Wanita tua itu langsung menurunkan Camilo dari gendongannya, beralih menggendong Sidra dan mencoba menenangkannya.
Sedangkan Loiz dibuat tertegun, dia merasa bahwa Sidra tidak menyukai ucapan yang dikatakan oleh Sieana tadi tentang keturunan Kaisar.
Karena pada kenyataanya, Sidra adalah keturunan langsung dari sang Kaisar Naga Agung walaupun terlahir dari seekor Naga putih.
"Kalau begitu, aku harus pergi. Tolong jaga anak ini dan kirimkan aku surat jika sesuatu terjadi pada anak ini," kata Loiz.
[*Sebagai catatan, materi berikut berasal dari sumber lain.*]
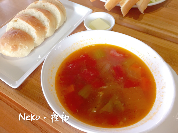 看起來很簡單樸實的一道,普羅旺斯蔬菜牛肉湯配上店家自製的手工麵包,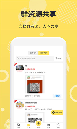 微信群群资源发布共享,与其他微商共享人脉,专业人工审核,确保精准优质的客源,时刻更新,分分钟拓展客源,提升人脉。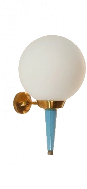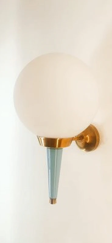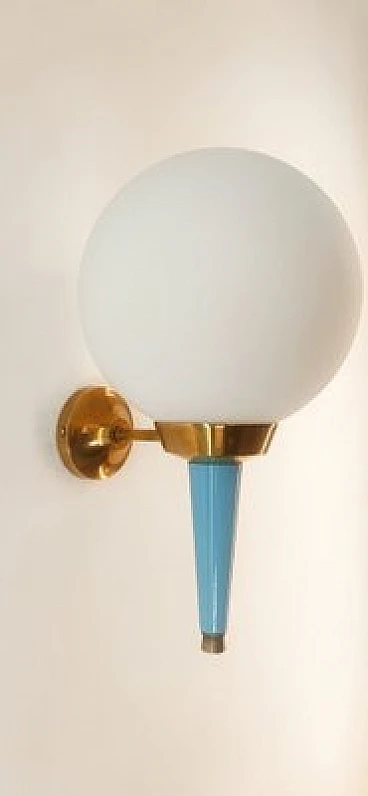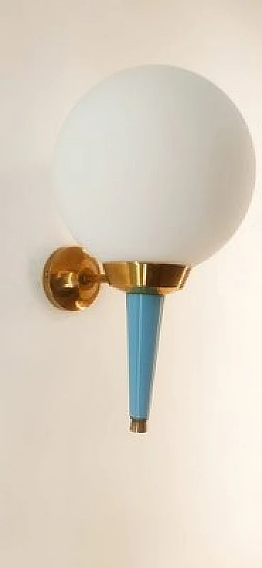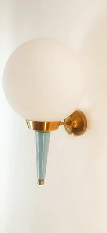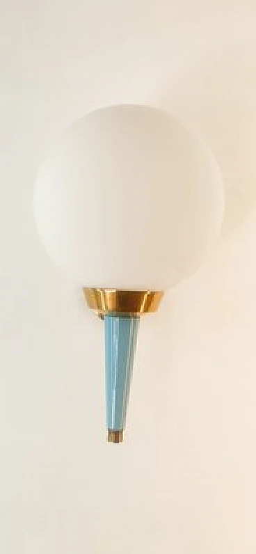 Applique in vetro, ottone e metallo azzurro di Stilnovo, anni '70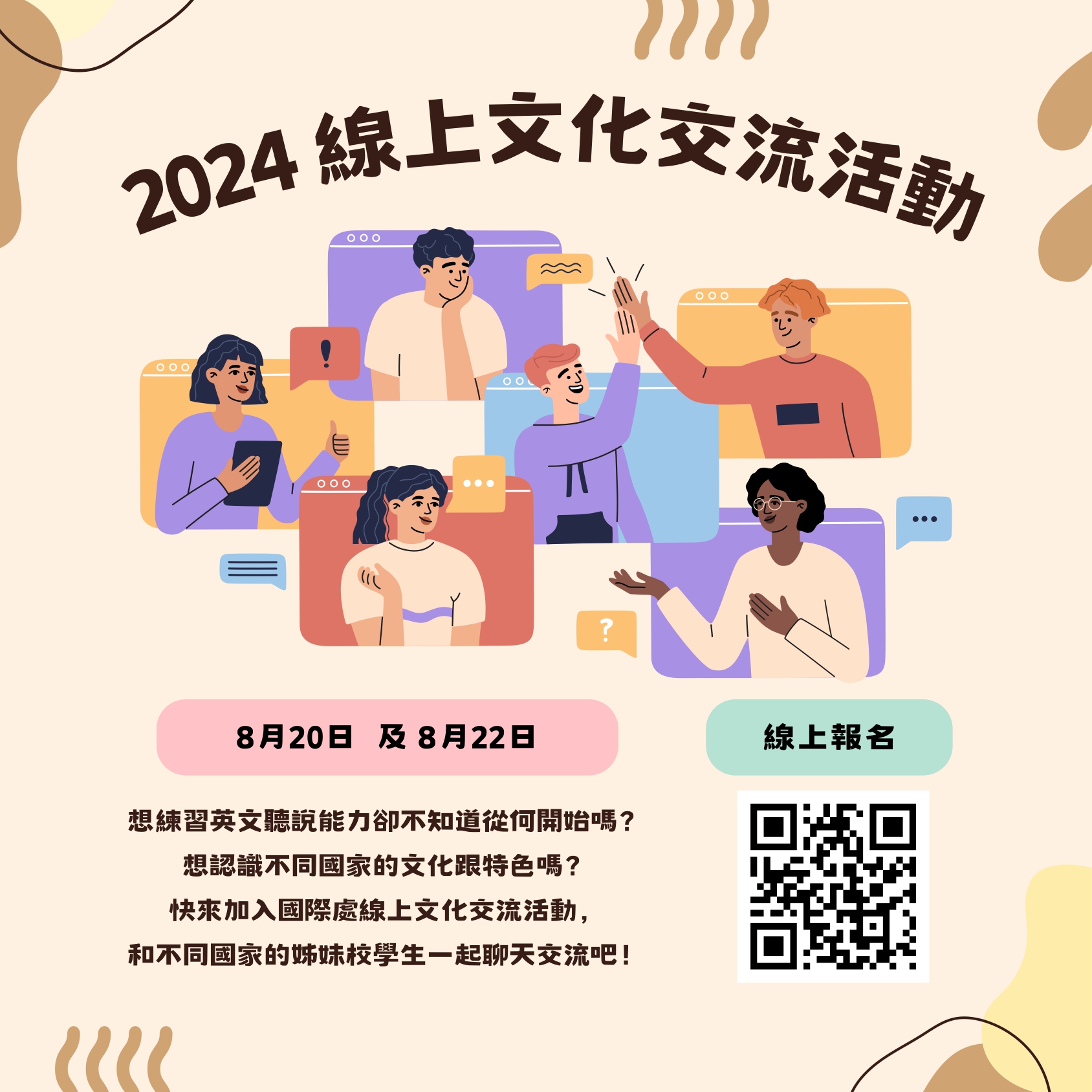 ✨ 這個暑假,快來參加我們的線上文化交流活動吧!✨
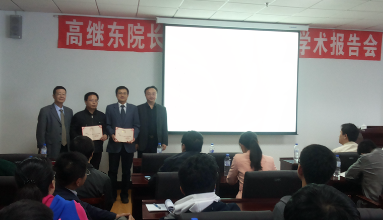 高繼東院長作了題為《產業轉型升級帶給汽車研發工程師的任務與挑戰》的學術報告。吉林大學周曉勤教授和徐濤教授分別發表講話,并向高繼東院長和李洪亮總工程師頒發了機械學院卓越工程師教育培養計劃企業指導教師證書。趙宏偉教授向高繼東院長和李洪亮總工程師頒發了機械學院研究生企業指導教師證書。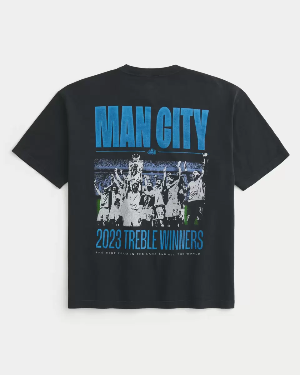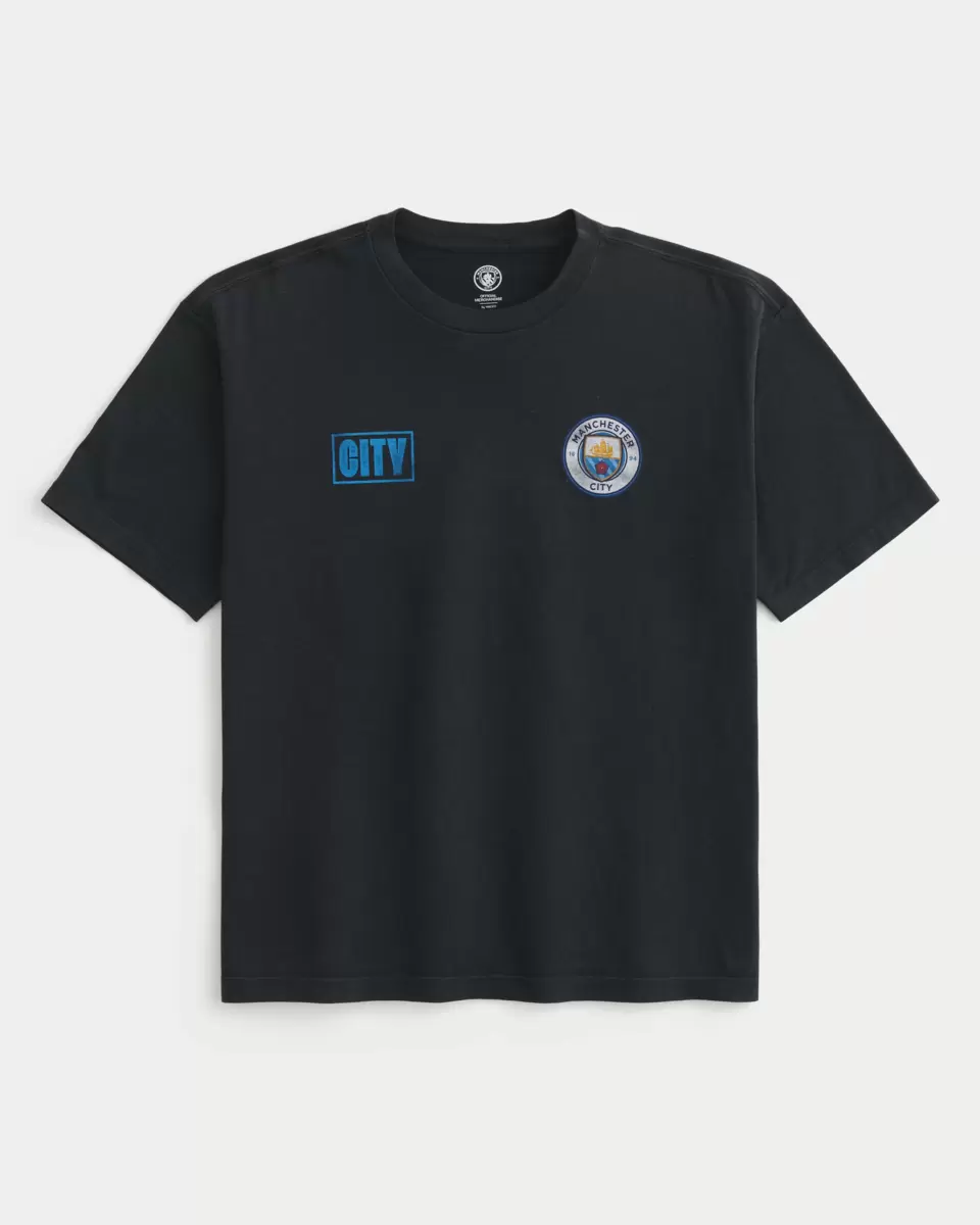 A super soft 100% cotton tee featuring official licensed Manchester City print graphics at the front and back. Crew neckline, short sleeves. Imported.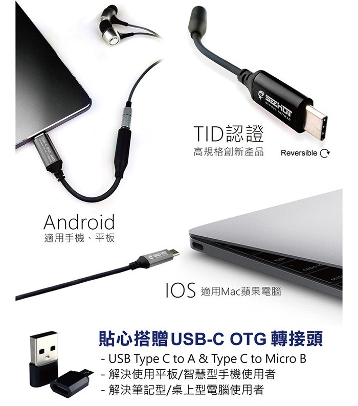 ►介面:Type-C 公頭;3.5mm 母頭
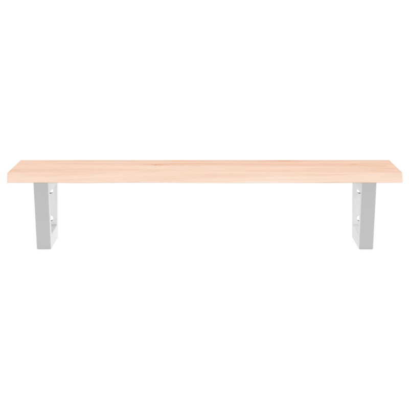 Das Regal lässt sich sicher an der Wand befestigen und bietet eine elegante und platzsparende Lösung für dein Badezimmer. Robust und langlebig: Diese Waschtisch-Platte hat Stahlhalterungen und eine Eichenholz-Platte, wodurch sie robust, stabil und langlebig ist.Platzsparend: Das Schweberegal bietet reichlich Platz für Cremes und Kleinigkeiten. Dank der Trapezform der Halterungen lassen sich auch Handtücher oder andere Sachen platzsparend darauf aufhängen.Einfache Verwendung: Die Holzplatte ist nicht vorgebohrt, sodass dein Waschbecken je nach Bedarf links, rechts oder in der Mitte angebracht werden kann. Dank der vorgebohrten Löcher in der Halterung lässt sich die Ablage am Waschtisch oder an der Wand mühelos befestigen.Vielseitig einsetzbar: Dank ihres modernen Designs schafft die Ablage zusätzlichen Stauraum und fügt sich harmonisch in die unterschiedlichsten Einrichtungen ein. Gut zu wissen:Die Schrauben sind nicht im Lieferumfang enthalten. Du kannst die Schrauben anhand von den folgenden Informationen separat erwerben.Wandbefestigung: 2 x M8-Dehnschraube pro HalterungHolzplatte: 2 x M5x18-Schraube (T=2) oder 2 x M5x20-Schraube (T=2,5/4 cm) pro HalterungAls Naturprodukt kann Holz Aststellen und Unebenheiten aufweisen, die wir mit schwarzer Füllung ausfüllen, um ein glattes Aussehen zu gewährleisten.

Dia langsung mengenakan kembali tudung jubahnya. Sebelum pergi, dia sempat melihat ke arah Sidra dan Camilo secara bergantian sebelum kemudian bergerak cepat keluar dari gubuk dan naik ke atas kudanya.
Tugasnya untuk memastikan Sidra baik-baik saja sudah selesai. Sekarang dia harus segera kembali ke sisi Kaisar karena akan sangat sulit bagi Kaisar yang akan menerima banyak tekanan menjelang upacara tingkat satu yang akan dilakukan oleh Putra Mahkota.